I feel in your example Q and R should be your final states and not M and N. Making M and N your final states could cause the words 'a' and 'b' to be accepted, which strictly does not start and end with different characters,

Because of this you would also need to make the following changes:


S -> aM | bN
M -> aO | bO
O -> bQ | aM
Q -> aO | bO | /\ (a ending)

N -> aP | bP
P -> aR | bN
R -> aP | bP | /\ (b ending)

Other than that I think your solution is pretty accurate.

On the second part of the question, I agree completely.

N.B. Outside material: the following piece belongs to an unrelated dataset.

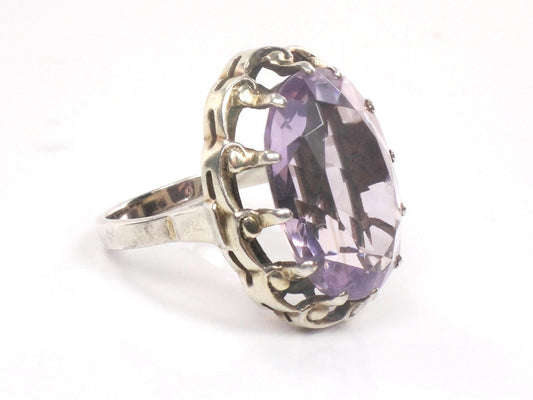 Vintage 800 Silver Amethyst Ring - Oval Cut, Size 4.75 - 1960s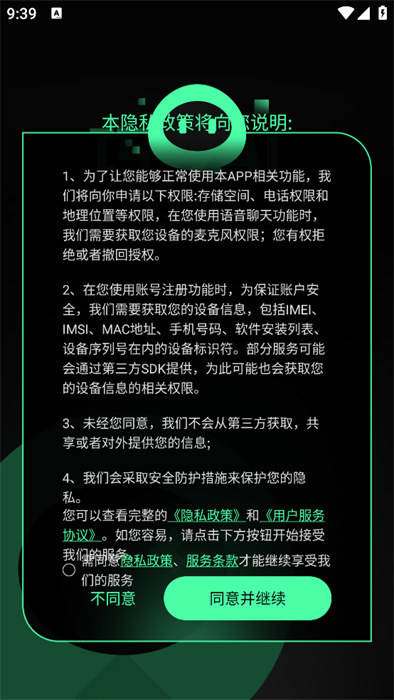1、打开软件之后阅读用户协议和隐私政策的内容,点击同意就可以进入软件;

Thanks for the contribution guys, really helping me!

I have another solution.
Is your M and N halt states? If so, then a and b are accepted respectively.
To me that is not in the language.

S -> aA | bB
B -> aY | bY
A -> aX | bX
Y -> aB | bB | a
X -> aA | bA | b

b)
One small thing.
Because Y is null, S is null, which enables X -> a when removing null.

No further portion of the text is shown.